CROWLEY TO TAKE BREAK AFTER 40 YEARS

Thursday 23 September 2010

Retired Southport coach Craig Crowley will take a year off from football to re-charge the batteries after 40 years of constant involvement in the game.

Crowley admitted his last five years in charge of the Sharks had been far tougher than he expected going into the role.

“I always thought that to be coach of Southport would be a pretty easy gig, but it is far more taxing because of the expectations there,” he said.

“That expectation is pretty much to play in the grand final every year or two.”

Crowley won two premierships, finished second once, and third the last two years in his 107-game coaching stint, at which time he became the first man to both play and coach 100 games with the Sharks.

Ironically, it is an identical record to Morningside master coach John Blair over the same period.

Crowley, who never once refused an interview request during the Sharks’ tough losing sequence late in the season and always spoke in a measured manner, was the first to put his hand up and say the team did not measure up in 2010.

“I believe, and the club believes, that we had a reasonably strong list this season and probably should have produced better,” he said.

Crowley agreed the quality of the competition was improving every year to challenge the traditional super-power Sharks.

“The top four sides this year were all very good,” he said. “We wanted the competition to get stronger and it has.”

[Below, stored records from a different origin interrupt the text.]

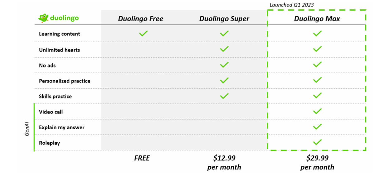 Prior to March 2023, Duolingo had two tiers: free (with ads) and paid (“Super”). These plans were available in single user and family plans, with a small set of one-time in-app purchases (e.g., $10 for reinstating your 652-day streak freeze). In March 2023, coinciding with the launch of GPT-4, Duolingo launched its new tier Duolingo Max (“Max”), which was primarily differentiated through features made possible through Gen-AI, including:
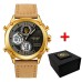 Годинник має діаметр корпуса 45,9 мм і важить лише 85 г, що робить його легким і комфортним для щоденного носіння. Корпус виготовлений з металу в золотистому кольорі, а ремінець – з якісної коричневої шкіри, що надає годиннику елегантності та стильного вигляду.
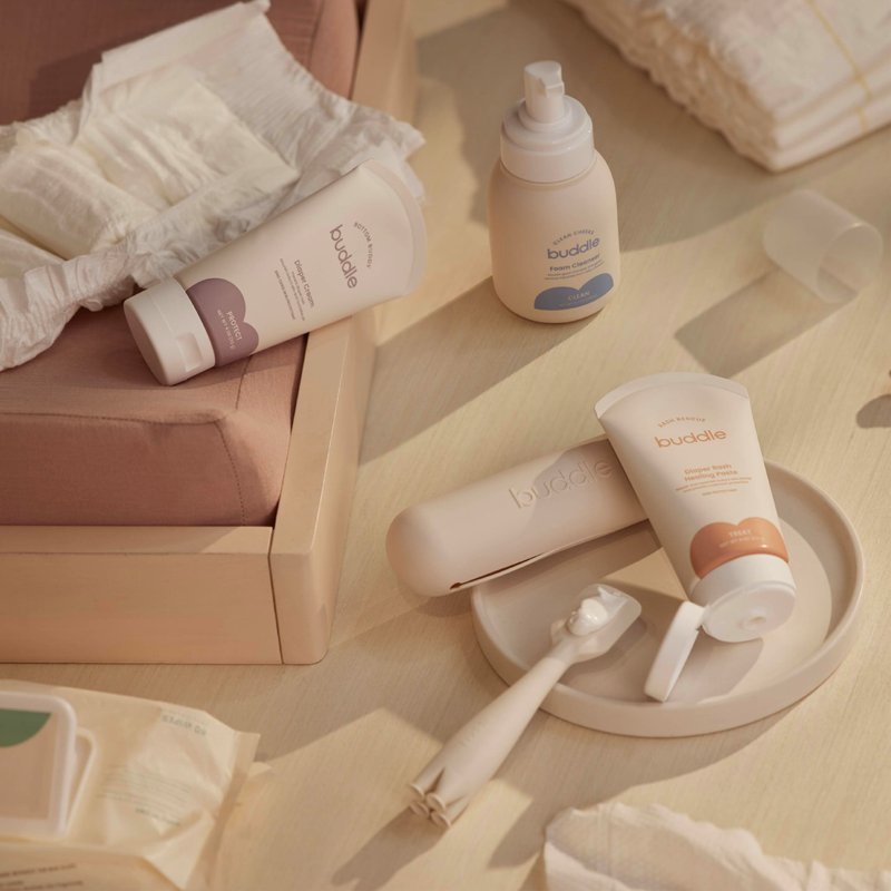 Don’t Just Treat Diaper Rash, Prevent It Did you know a newborn’s skin is different than adult skin? It can be up to 10 times more sensitive, 30% thinner, and has reduced moisturizing and skin lipid production — meaning that sweet soft baby skin is more susceptible to irritation. We Took On Diaper Rash So You Don’t Have To Scientific understanding doesn’t just make a difference, it makes all the difference. With a deeper knowledge of infant skin, the diapering environment and the microbiome, we’ve been able to uncover the underlying causes of diaper rash and how to prevent it in three easy steps. Preventing Diaper Rash is as Easy as 1-2-3 As much as we all want one solution, what we found through our research, development, and clinical trial is a system approach yields better outcomes when it comes to the treatment of diaper rash which led to the development of our three product system. Each Buddle product is a diaper bag essential and plays a specific role in the prevention of diaper rash—cleanse, prevent, and treat. Clean Cheeks Foam Cleanser – Remove impurities Bottom Buddy Diaper Cream – Protect & nourish skin barrier Rash Rescue Diaper Rash Healing Paste – Heal with maximum-strength zinc oxide Paddle Pal Diaper Cream Applicator – The perfect companion to apply Bottom Buddy and Rash Rescue.

Crowley added the ongoing presence of Labrador and Broadbeach in the QAFL was no impacting on the Sharks, who prior to 1997 had a monopoly on quality players lured to the Gold Coast.

The Broadbeach job is up for grabs for next season, but Crowley said he would not be applying.

“I’m going to have a year off, I haven’t had one off since I was eight,” he said. “I’ve been through that pleasurable grind of going to training night after night for 40 years and it’s time to give a bit back to my family.”

Crowley’s two premierships were the highlight of his coaching career, plus having had some influence on a number of young players who have graduated to the AFL system.

In 2006, he moulded a team brimful of teenagers into a premiership-winning unit, while he again had a significant influence in 2008 when a plan to wear down lone Morningside ruckman Jacob Gough paid dividends in the last 15 minutes of the grand final.

Crowley will undergo a level 3 coaching course shortly and is keen to continue his involvement with the State team program, where he has been an assistant for the past three years.